Ao contrário de outras florestas, os
manguezais não são ricos em espécies, porém destacam-se pela grande abundância
das populações que neles vivem. Por isso podem ser considerados um dos mais
produtivos ambientes naturais do Brasil.
Somente três árvores constituem as
florestas de mangue: o mangue vermelho ou bravo, o mangue branco e o mangue
seriba ou seriuba. Vivem na zona das marés, apresentando uma série de adaptações:
raízes respiratórias (que abastecem com oxigênio as outras raízes enterradas
e diminuem o impacto das ondas da maré), capacidade de ultrafiltragem da água
salobra e desenvolvimento das plântulas na planta materna, para serem
posteriormente dispersas pela água do mar.

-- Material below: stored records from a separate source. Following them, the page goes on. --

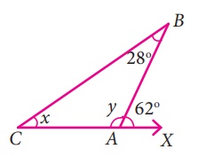 i) முக்கோணத்தின் உள் இரு கோணத்தின் கூடுதல் அவற்றின் வெளிக்கோணத்திற்கு சமம்.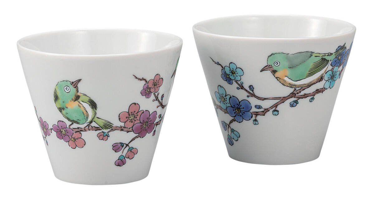 - 九谷焼! ☆めじろに梅・ペア焼酎カップ☆ K9-1133 新品 酒器 酒盃 サカズキ 杯 お猪口 馬上杯 アルコール ギフト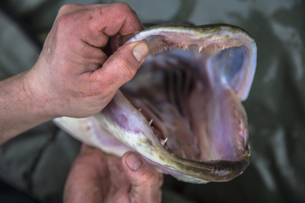 Foto’s doen het vaak kleiner lijken, maar een echte metersnoek heeft een bek van minimaal 30 cm diep. Die 800+ tanden doen hun werk, en de dreg moet eruit – durf jij dat aan? Doodaasvisserij is gericht op de grote jongens. Dat betekent: voorbereid zijn op een diep gehaakte dreg, zelfs als je razendsnel aanslaat.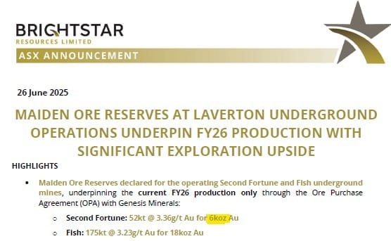 Brightstar reported maiden ore reserves for Second Fortune and Fish, containing 6koz and 18koz respectively (BTR)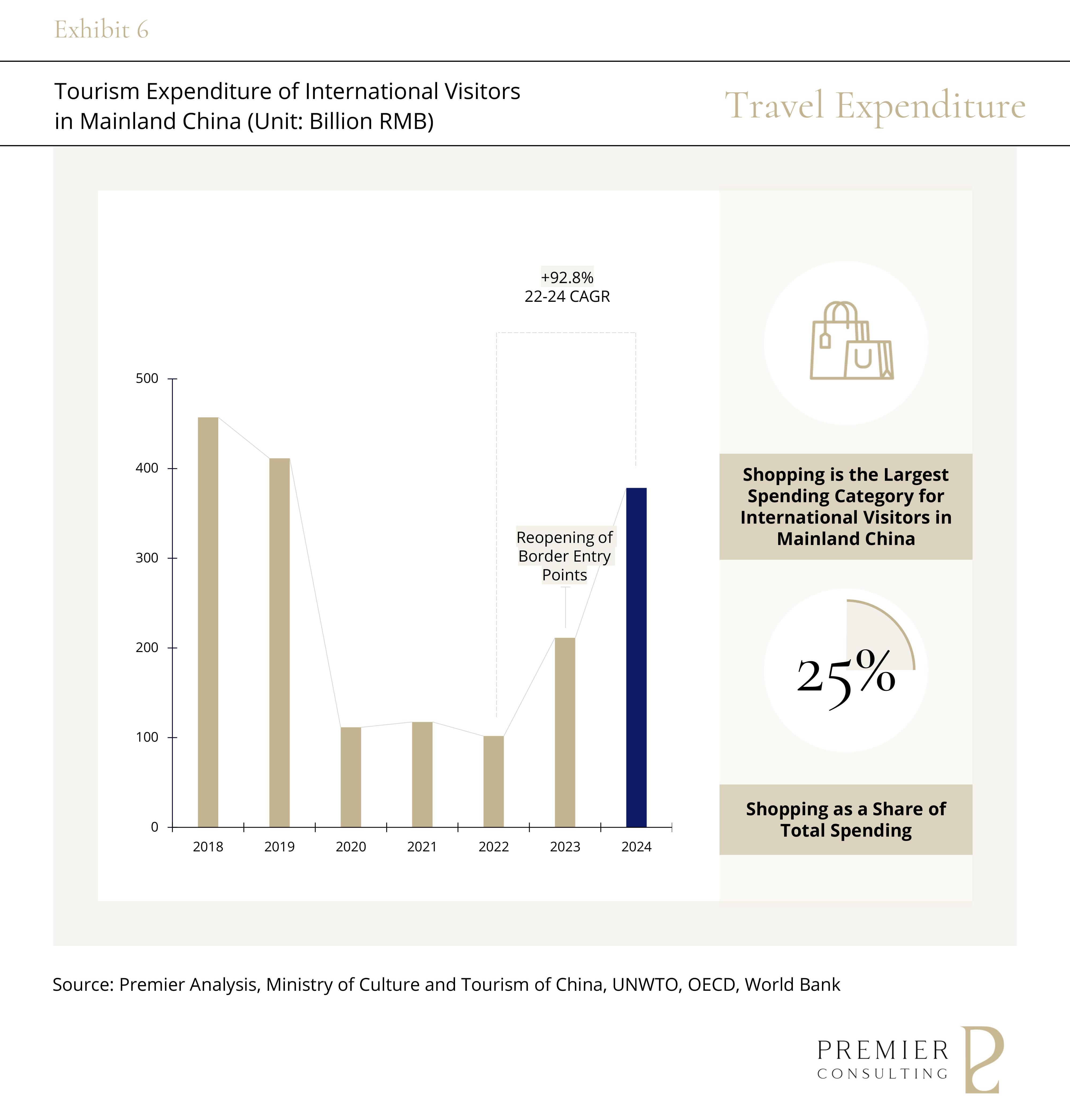 The spending power of international tourists in China is also remarkable. In 2024, international tourist expenditure in Mainland China grew at a compound annual rate of 92.8%, with shopping accounting for 25% [Exhibit 6] —the largest share of visitor spending. In other words, travel to China is no longer only about sightseeing and cultural exploration—it has also become a critical opportunity for global luxury brands to recapture outbound spending within Chinese borders.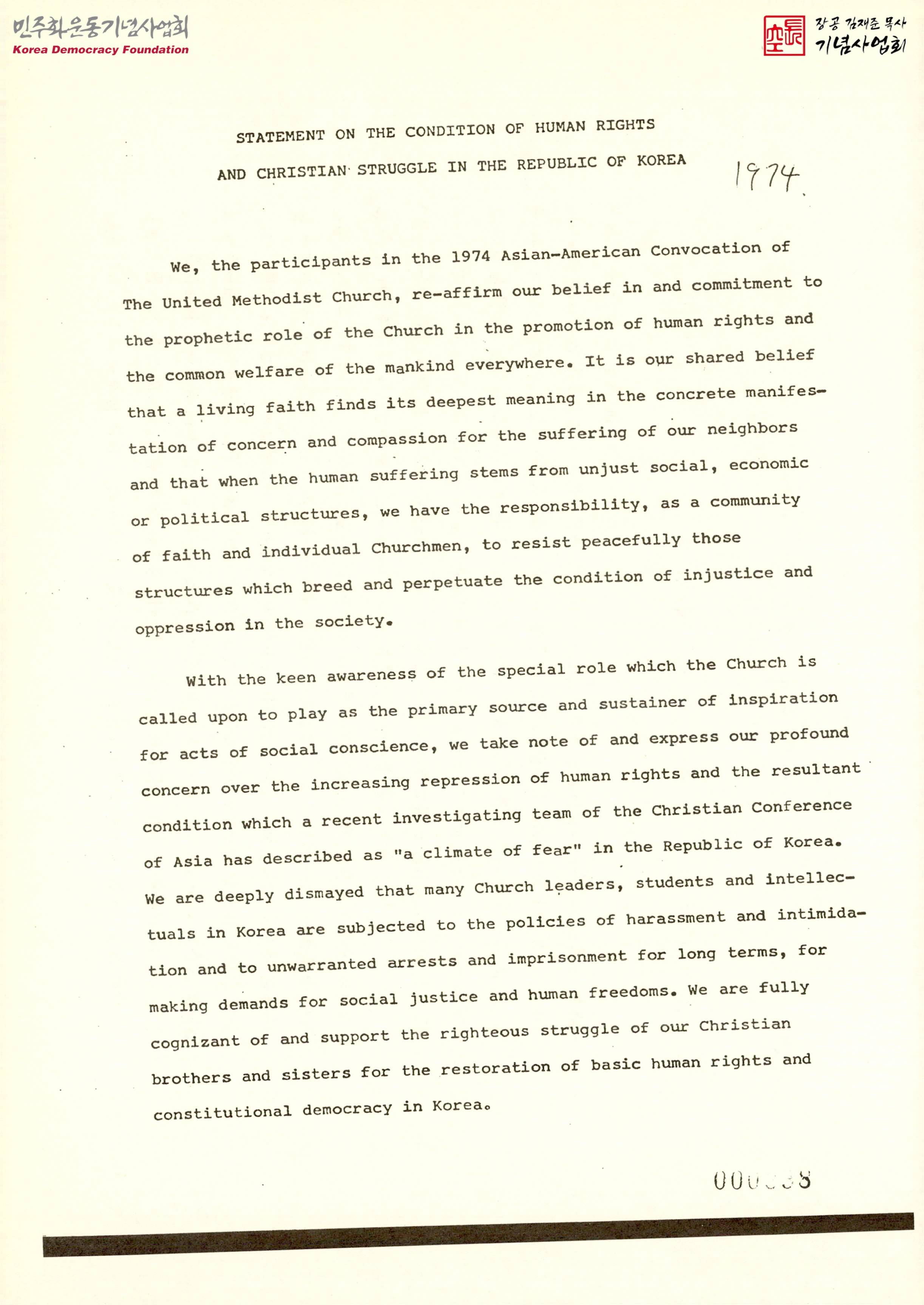 STATEMENT ON THE CONDITION OF HUMAN RIGHTS AND CHRISTIAN STRYGGLE IN THE REPUBLIC OF KOREA(대한민국의 인권 상황과 기독교인 투쟁에 관한 성명서)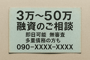 連絡先が携帯電話の番号しかない「090金融」や、法外な金利を要求する「トイチ(10日で1割の利息)」なども典型的な闇金です。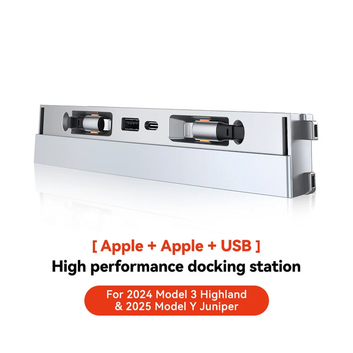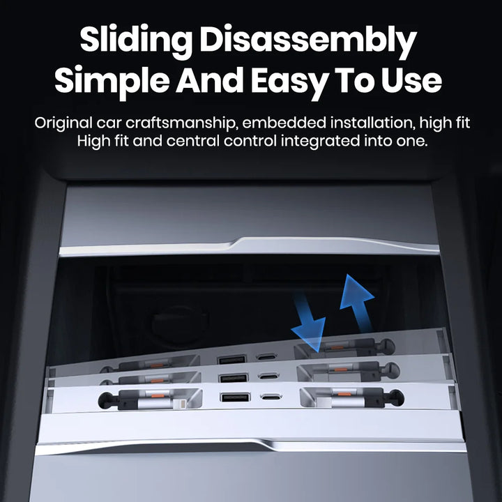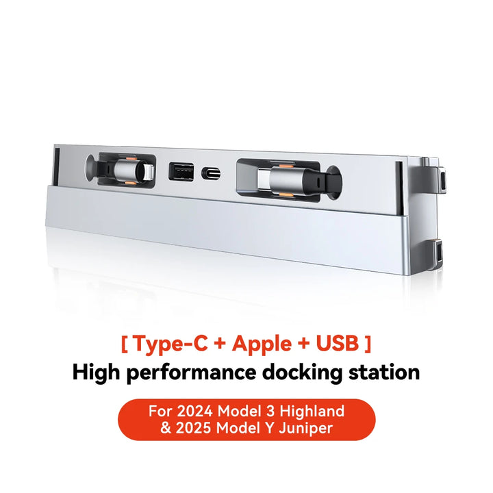 Upgrade your Tesla with a sleek 54W center-console USB hub designed for Model 3 Highland and Model Y Juniper (2025). The compact, OEM-style dock adds fast charging and tidy cable management without sacrificing storage. Built with high-temperature-resistant materials (rated up to 105 °C) and smart docking to keep devices secure on bumpy roads. Supports multiple device types (USB-C and Lightning options), so everyone rides powered and clutter-free. Retailers and buyers searching “Tesla Model 3 Highland USB hub” or “Model Y Juniper USB hub” will find this a perfect fit.
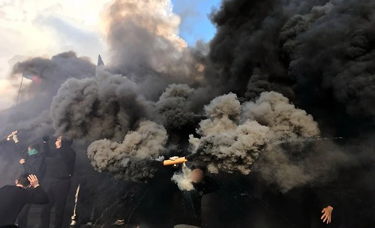 Судя по всему, это были фанаты местного «Вереса», которые славятся своими перфомасами с черным дымом.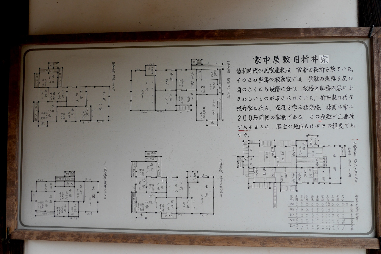 武家屋敷が二つ公開されているが旧埴原家は藩主勝政公の生母の実家であり,上級武士,玄関に式台もある.質素なつくりだが,日本家屋の特徴がよく出た造りだ.庭もこじんまりしているが美しい.一方の旧折井家は中上級武士の武家屋敷との比較も面白い.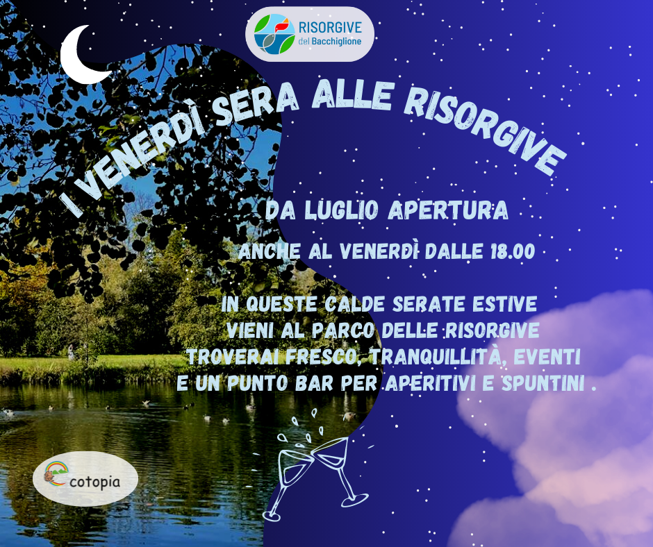 🌙 Da luglio il punto ristoro delle Risorgive apre anche il venerdì sera dalle 18.00!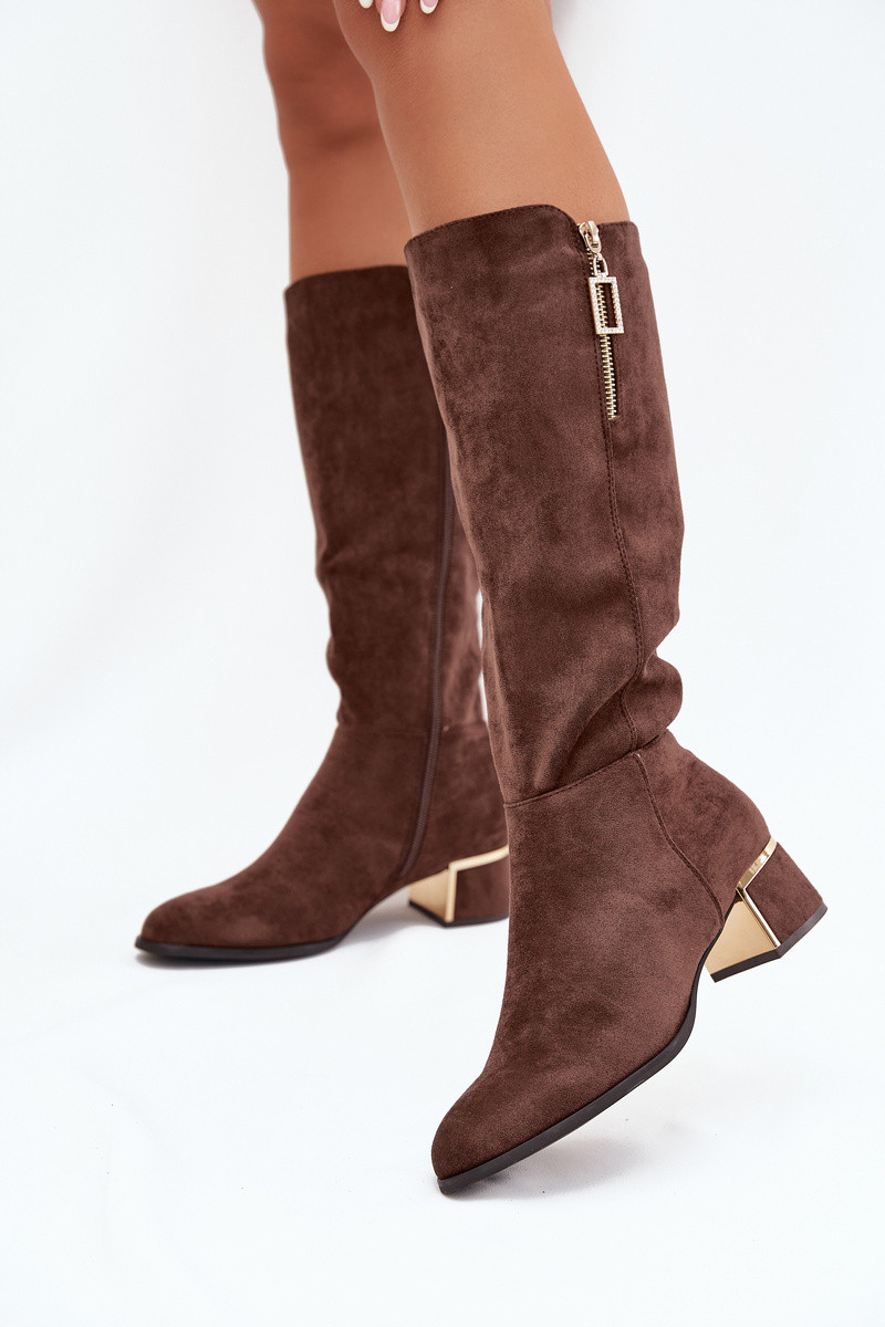Moteriški ilgaauliai batai su kulniukais iš eko zomšos rudos spalvos Lyvienne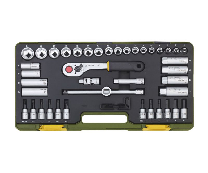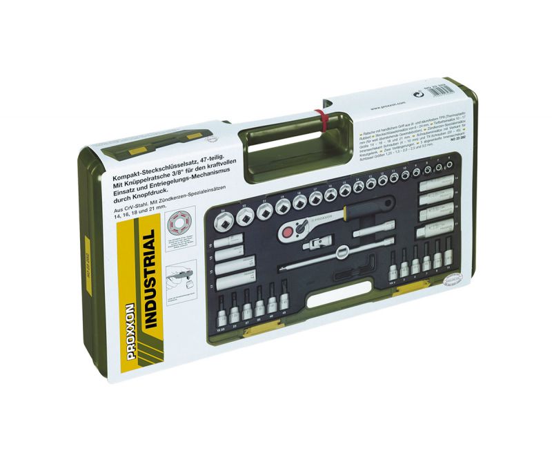 Proxxon 23282 47-piece Compact Socket Set with 3/8" Baton Ratchet Wrench
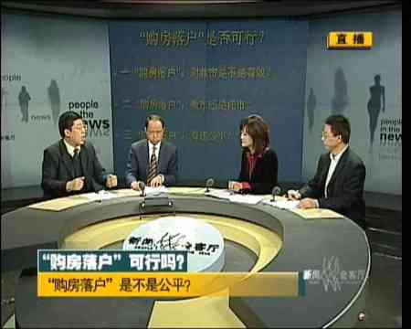 李小萌:歡迎來到正在直播的《新聞會客廳》。金融危機(jī),樓市低迷,手里拿著錢想買房,依然覺得房價(jià)過高的購房者著急,開發(fā)商著急,政府也著急,著急就要想辦法,幾天以前,我們在討論購房退稅政策是否可行,是否合理。這兩天我們又看到消息說,廣東省將會成為繼多個(gè)城市之后首個(gè)實(shí)現(xiàn)購房落戶政策的省份,一時(shí)間人們也在討論購房落戶這個(gè)政策。今天我們也來湊個(gè)熱鬧,今天請到的嘉賓是北京大學(xué)法學(xué)院教授王錫鋅。旁邊一位是北京師范大學(xué)房地產(chǎn)研究中心教授董藩。他們兩位上次在關(guān)于購房退稅政策的時(shí)候就是各執(zhí)一詞,爭個(gè)不相上下,看看今天觀點(diǎn)是不是會一致。另外我們還請到了媒體觀察員吳定平,也歡迎你。我們先來通過一段短片來了解一下購房落戶政策。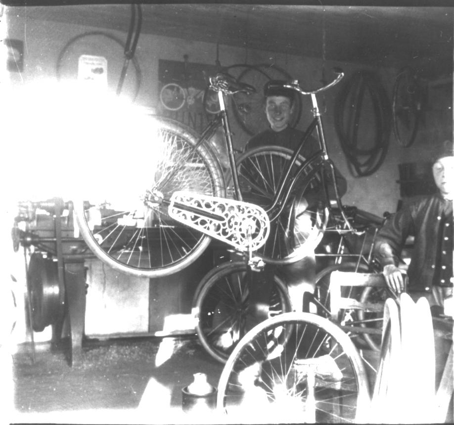Georg Skatts cykelverksatd på Furåsen. Georg och Adel Skatt.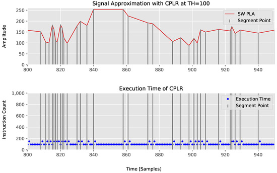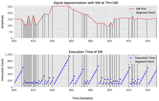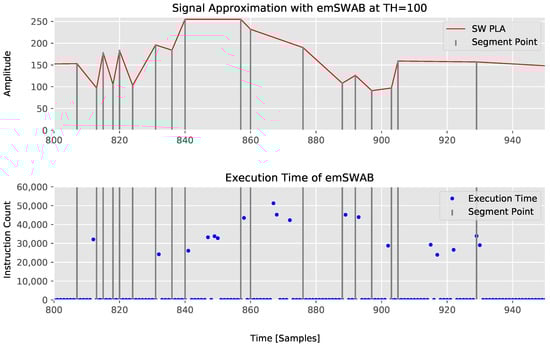 Table 1. Furthermore, it can be seen that the average instruction count for emSWAB increased, although the maximum instruction count decreased. This is explained by the fact of a smaller threshold leading to smaller segments, and thus the computationally costly segmentation process within the buffer is faster but performed more frequently. For SW, the minimum instruction count is 57 in this experiment. This is caused by the fact that the lower threshold leads to shorter segments and no segment is created due to an exceeding maximum segment size, which needs 46 instructions. Despite the latter, an instruction count of 57 is the shortest execution time of SW, which happens when only the first sample is added to a newly created segment. This small execution time is only achieved at the very first invocation of the SW algorithm after initialization. In all other invocations, the first sample is already added to the buffer upon segment creation, since a new segment’s end point is always created for the previous sample.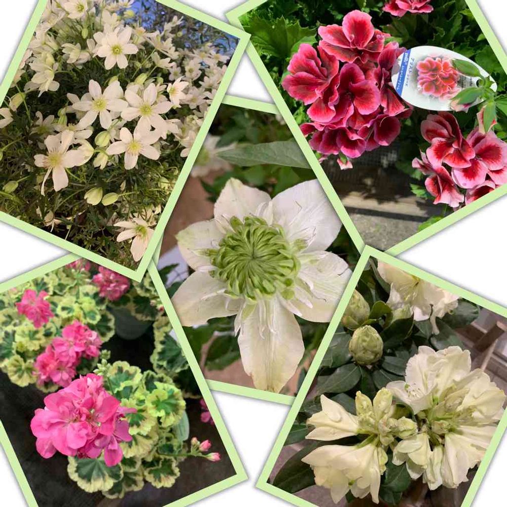 おはようございます⛅️ 出先の園芸店で常緑クレマチス、アリスト、斑入りゼラニウム、西洋シャクナゲ、クレマチス白万重、見惚れてパチリです🌸🌼🌸🌼😻💕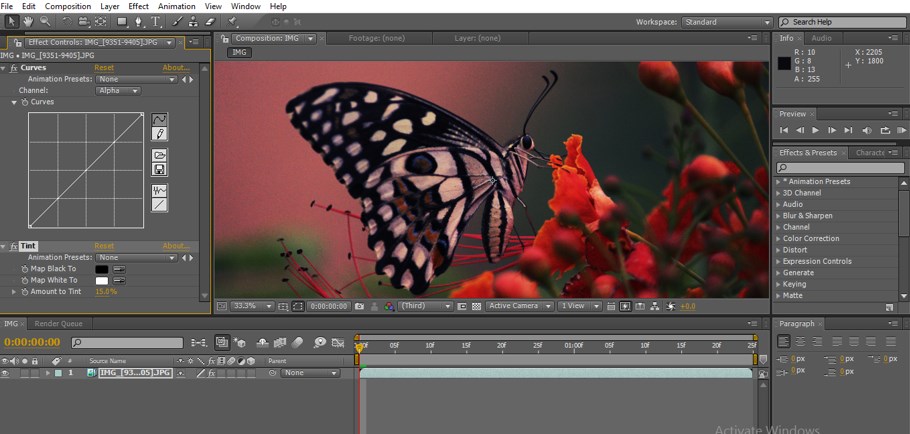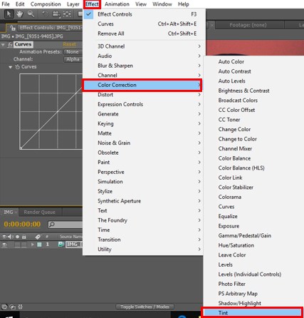 Step 9: Let’s work with Tint now. Go to Effects, Color Correction, select Tint.

A flora do manguezal pode ser
acrescida de poucas espécies, como a samambaia do mangue, a gramínea Spartina,
a bromélia Tillandsia usneoides, o líquen Usnea barbata (as
duas últimas conhecidas como barba de velho e muito semelhantes entre si) e o
hibisco.
No Norte do País, as espessas florestas
de mangue apresentam árvores que podem atingir 20 metros de altura. Na região
Nordeste há um tipo de manguezal conhecido como "mangue seco", com árvores
de pequeno porte em um substrato de alta salinidade. Já no Sudoeste brasileiro,
apresenta aspecto de bosque de arbustos.
O chão escuro do mangue é coberto por
água na preamar. Ricas comunidades de algas crescem sobre as raízes aéreas
das árvores, na faixa coberta pela maré, e, entre elas, encontram-se algas
vermelhas, verdes e azuis. Os troncos permanentemente expostos e as copas das árvores
são pobres em plantas epífitas. Bactérias e fungos decompõem as folhas do
manguezal e a cadeia alimentar é baseada no uso dos detritos resultantes desta
decomposição.
Quanto à fauna, destacam-se várias espécies
de caranguejos, formando enormes populações nos fundos lodosos. As ostras,
mexilhões, berbigões e cracas se alimentam filtrando da água os pequenos
fragmentos de detritos vegetais, ricos em bactérias. Há também espécies de
moluscos que perfuram a madeira dos troncos de árvores, construindo ali os seus
tubos calcários e se alimentando de microorganismos que decompõem a lignina
dos troncos, auxiliando a renovação natural do ecossistema através da queda
de árvores velhas, muito perfuradas.
Os camarões também entram nos mangues
durante a maré alta para se alimentar. Muitas das espécies de peixes do
litoral brasileiro dependem das fontes alimentares do manguezal, pelo menos na
fase jovem. Entre eles estão bagres, robalos, manjubas e tainhas. A riqueza de
peixes atrai predadores, como algumas espécies de tubarões, cações e até
golfinhos. O jacaré de papo amarelo e o sapo Bufo marinus podem, ocasionalmente,
ser encontrados.
Aves típicas são poucas, devido à
pequena diversidade florística; entretanto, algumas espécies usam as árvores
do mangue como pontos de observação, de repouso e de nidificação. Estas aves
se alimentam de peixes, crustáceos e moluscos, especialmente na maré baixa,
quando os fundos lodosos estão expostos. Entre os mamíferos, o coati é
especialista em alimentar-se de caranguejos. A lontra, hábil pescadora, é freqüente,
assim como o guaxinim.
Os manguezais, usados pelos homens dos
sambaquis há mais de 7 mil anos e, a partir de então, pelas populações que
os sucederam, fornecem uma rica alimentação protéica para a população litorânea
brasileira. A pesca artesanal de peixes, camarões, caranguejos e moluscos é
para os moradores do litoral a principal fonte de subsistência.
Embora protegido por lei, o manguezal
ainda sofre com a destruição gratuita, poluição doméstica e química das águas,
derramamentos de petróleo e aterros mal planejados.